As we finally enjoy the snow we so rightly deserve it’s a good time to remember a few practical tips to keep us safe in this all beautiful white stuff!
Hopefully you’ve already figured out that taking a winter hike in the high country takes a bit more planning than a summer day hike, especially if you have little ones in tow. You already know to bring the right gear and check your weather forecasts – so I won’t belabor those points. (Not sure? Check past articles.)
Here’s a couple tips about the worst winter offenders to help keep you and your little loved ones safe:
1. Melt/Freeze. Teach your little ones the relationship between snow and ice and how to recognize changes that can signal danger. Just because you crossed that slope in the bright midday sun does not mean that it will be traversable in the late afternoon. The day(sun)/night(shade) melt/freeze cycle can turn friendly white powder into something slick and deadly in a matter of hours. As soon as that snow exits direct sun, watch out! That also goes for crossing from open to tree covered trail- any area of shade is a potential skating rink in the right conditions!
Pause early in your hike to have your little ones test the tactile difference between shaded snow and sun illuminated slush to help drive the point home.
2. Stay awake and aware. “A little bit of ice” is nothing to scoff at – it becomes especially dangerous on the steep slopes of the high country, where an ice chute can turn you into a human pinball, and not in a good way.
Being alarmist about this (or any) risk can intimidate kids about winter hiking- instead of attempting to scare, I prefer to teach awareness and involve them actively in the process of taking care of our little hiking “tribe”: “This can be dangerous, so I’d like to ask you to help me look out for it as a team”. Involving them in the responsibility of taking care of the group does a lot to develop skills that they can use in later solo adventures.
3. Choose your trails wisely! Don’t assume that lovely summer hikes are going to be just as much of a pleasure in the winter… Some trails are seasonal for a reason! Just because you have hiked it a thousand times (in the summer) does not mean it is a safe trail in the winter! Consider level of exposure to the sun, recent weather conditions and elevation (amongst many other things) in making your choice of trail!
4. Turn back if you encounter conditions beyond your experience. And keep a close tab on the energy levels, enthusiasm, gear and overall condition of any little ones in tow.
It’s not worth it to push it- most of the time you will probably squeak by, but don’t let that make you get cavalier- when the time comes, the cost can be far too high. I remember one Ranger Patrol on Ramona Trail- an ‘easy’ hike made deceptively dangerous by a river of ice that had formed on the trail!
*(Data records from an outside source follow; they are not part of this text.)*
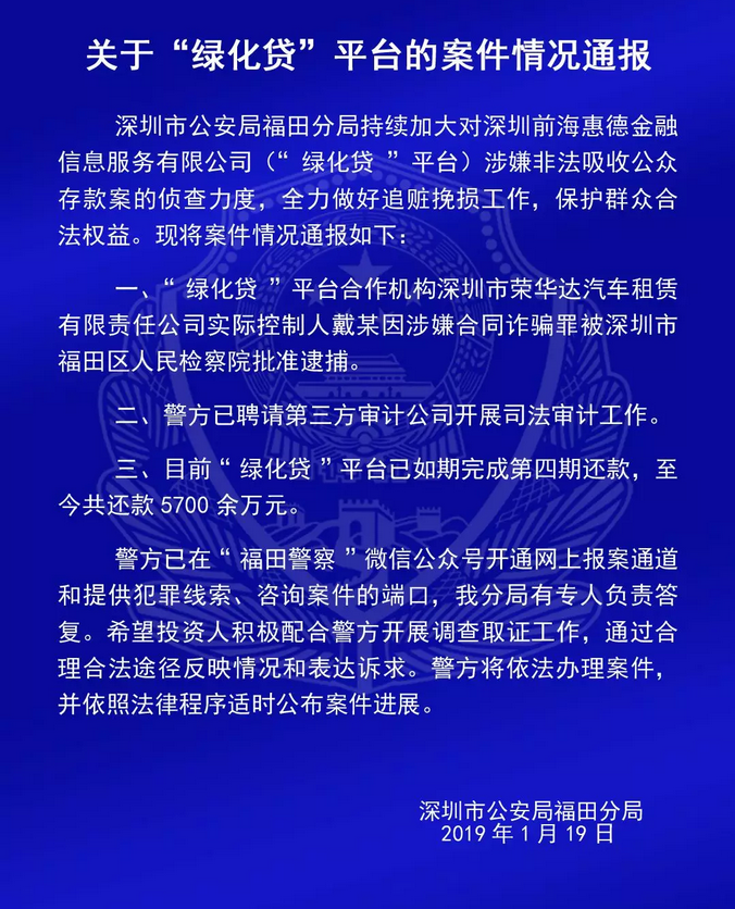 關(guān)于“綠化貸”平臺的案件情況通報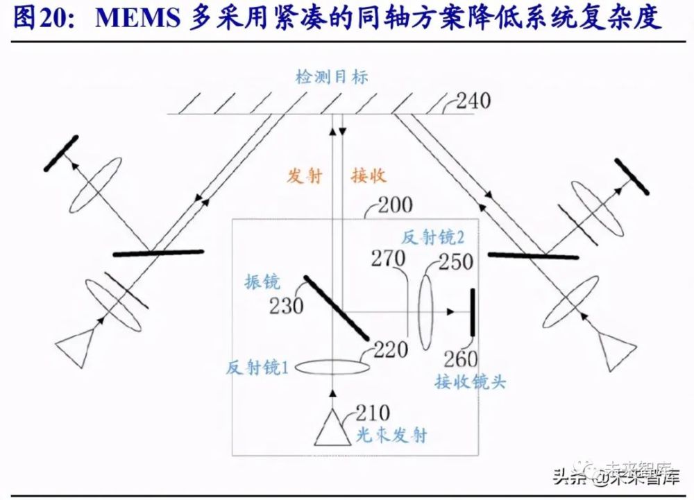 MEMS 激光雷达通过硅基 MEMS 微振镜改变单个发射器的发射角度并由此形成面阵的扫描视野。与传统的金属机械结构部件相比,MEMS 方案可有效解决机械式激 光雷达因内部旋转模块体积和重量较大,在惯性冲击下损耗零部件的痛点。然而, MEMS 在技术上存在缺陷。由于离轴方案需要采用 APD 阵列做接收,在成本端造成 压力的同时也增加了系统的复杂程度。目前市面上硅基 MEMS 激光雷达大多采用结 构紧凑的同轴方案,对其材料的耐用性产生巨大挑战。MEMS 的内部是小尺寸的悬 臂梁结构——反射镜悬浮在前后左右各一对扭杆之间以一定谐波频率振荡,达到反 射激光器光线的目的。然而在实际工作中,两对扭杆同时对微振镜进行反向扭动,在 外界的振动或者冲击下快慢轴极易断裂,其使用寿命大多在几个月内。受限于此, MEMS 激光雷达过车规的难度明显提升。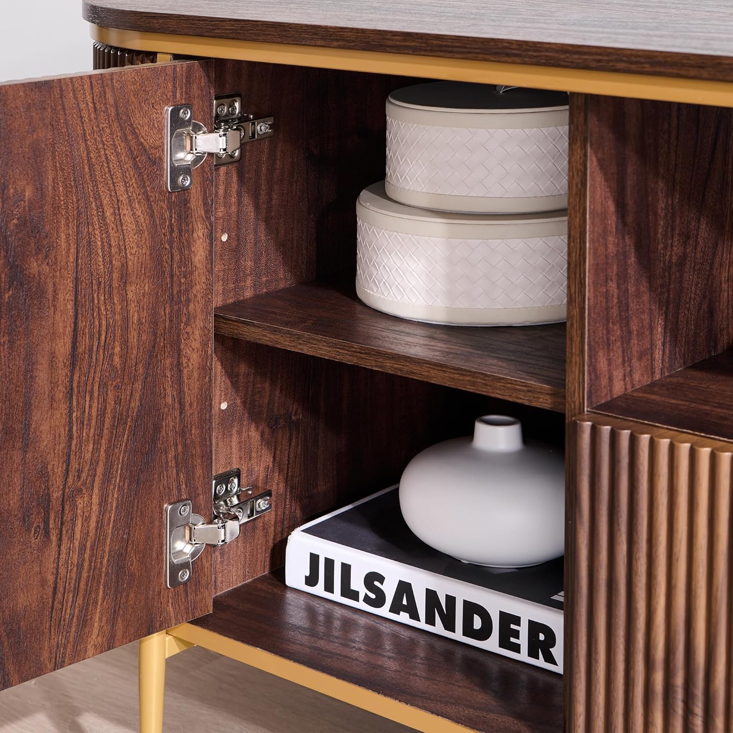 - DURABLE, WELL-FINISHED: Fluted panels are manufactured using blister molding techniques known for their high quality and consistency. The faux marble top is made of melamine veneer, which not only has a delicate texture, but also ensures long-lasting durability, water resistance and easy maintenance. And, the gold metal handles and cylindrical legs add to its contemporary vibe, creating a personalized and distinctive aesthetic.
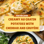 Au Gratin Potatoes are a rich and comforting classic side dish featuring tender slices of potato baked in a creamy, cheesy sauce. With a crispy golden top and layers of soft potatoes underneath, this recipe is perfect for holidays or cozy family dinners.

If you and your “tribe” don’t have the experience or get to safely traverse the whole range of trail conditions, and double your efforts to get back home- get your butt out of there!
5. Navigation Skills. fresh snow leaves a lovely white blanket across the land… Obscuring every single detail of the trail that once seemed so familiar. Don’t just head out on a wing and a prayer (“I’m a local- I don’t need a map!”). Make sure and bring a Topo map and the navigation skills to appropriately use it. (It never hurts to plan in navigational experiences for your little ones as well.) And don’t just assume that you can always just track your self back – new snowfall can cover up your shoe prints in a matter of minutes!
Now that I’ve been a Scrooge about all your wonderful winter plans, I want to encourage you to get out there and enjoy with your tribe- just do so with forethought and safety! Happy hiking!